As first-line therapy, most of the patients (83.5%) received FOLFOX plus bevacizumab (35.4%), followed by FOLFIRI plus bevacizumab (18.8%), FOLFIRI plus cetuximab (17.0%), and FOLFOX plus cetuximab (12.3%). Bevacizumab was the most frequent agent (78.8%) combined with chemotherapy in RAS-mutated CRC, while cetuximab (57.2%) in RAS wild-type CRC. Cetuximab was frequently combined with a doublet regimen in patients with left-sided CRC than in those with right-sided CRC (34.4% vs. 16%).
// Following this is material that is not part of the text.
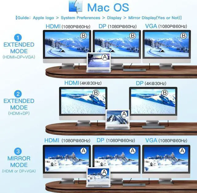 Triple Display DP+HDMI+VGA USB-C to 3 monitors. Support Displayport 3840x2160@30Hz, HDMI 3840x2160@30Hz, VGA 1920X1080@60Hz. Support extend mode and mirror mode in Windows system. Only supports mirrori mode in Mac OS system.

As second-line therapy, most patients (63.4%) also received doublet regimens with bevacizumab, and FOLFIRI plus aflibercept was administered in 15.1%. The objective response rate with FOLFIRI plus cetuximab was significantly higher in patients with left-sided CRC than in those with right-sided CRC (59.2% vs. 30.8%, p=0.008) and marginally higher in patients with RAS wild-type CRC than in those with RAS-mutated CRC (55.6% vs. 0.0%, p=0.092). Progression-free survival (PFS) with FOLFOX plus bevacizumab was significantly shorter than that with FOLFIRI plus bevacizumab (p=0.030) in RAS-mutated CRC, whereas there were no significant differences between regimens in RAS wild-type CRC.


In patients with unresectable metastatic colorectal cancer, doublet chemotherapy with targeting agents is the most common therapy and efficacy depends on the mutation status as well as clinical factors.